“No take another one, I don’t like how I look in that one!” I tell my sister.
“I think this one is good!” she says to me.
To be honest, I never post the first attempt at taking a good picture of myself, and I’m sure ya’ll can relate. I remember when I first got 100 “likes” and I thought to myself finally I got the “likes” that my sisters usually get. In a sense, I felt like I belonged or was liked by society. I do not mean to say that if you get twenty “likes” that you are not liked, but I get this from the “likes” celebrities usually get. I do believe it’s not something I should place so much value to and it is not healthy in the sense that they are just “likes”. I could not help but to see how “likes” are kind of like the system seen in a more futuristic world from the TV series Black Mirror, except that their system is a number rating from a 1-5.
The rating system goes as follows, a 1 is considered the lowest and 5 is considered the highest. People rate each other on the spot, for example if you see a friend at the coffee shop you would use your phone and rate them. You would rate them based on what you liked about them (i.e. their clothes, friendliness, what they are eating…). The rating system also shows how well off you are in life. If you have a really good rating then you must be wealthy and live a good life.
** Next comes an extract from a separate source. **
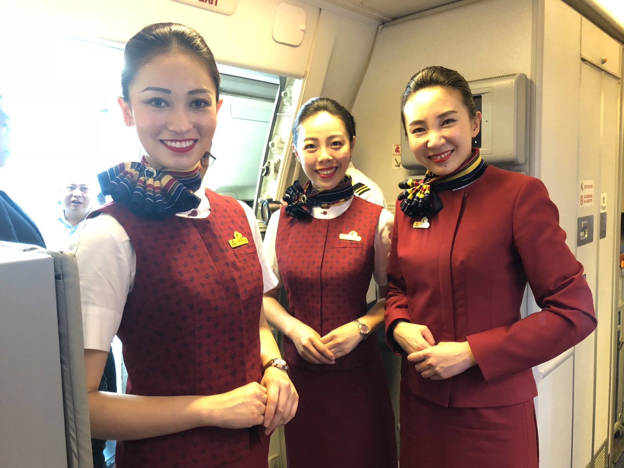 The flight was very empty, so I asked the flight attendant if I could switch to a window seat. She enthusiastically asked me to seat myself wherever I wanted, saying in Chinese, "Because you support us [for having been on both of our inaugural flights], we support you!" I found this very endearing.

The episode, “Nosedive”, from Black Mirror presents the life of Lacie Pound who has a 4.2 rating. Lacie becomes obsessed with the rating system and soon finds out that she has to have a 4.5 rating to live at an upper-class estate. She decides to be a bridesmaid for her childhood best friend, because her “friend” has a really good rating system. If she also delivers a good speech on her wedding her ratings will go up. However, on her road trip she goes through difficulties and her rating goes down causing her to end up in jail. Her ratings were not the reason why she ended up in jail, it was her actions.
The ratings in“Nosedive” were so openly expressed and one could see the ratings of others if they wanted to. With our social media, I feel like we do this more privately and often see that selfies or good times get more “likes”. These systems blur what is real since we tend to judge based on how we feel about what the person is showing us.
When Lacie ends up in jail, there is this guy who has a conversation with her and they end up telling each other how they truly feel about one another. This scene really stood out to me because they were both able to let go of any true feelings they really had since they no longer had the ranking system. I think is scary to think that one has to act a certain way in this futuristic world to fit into society.
What is the reality we are portraying that is based on ratings, likes, and followers? I feel like we need to critically think about how and why we use social media.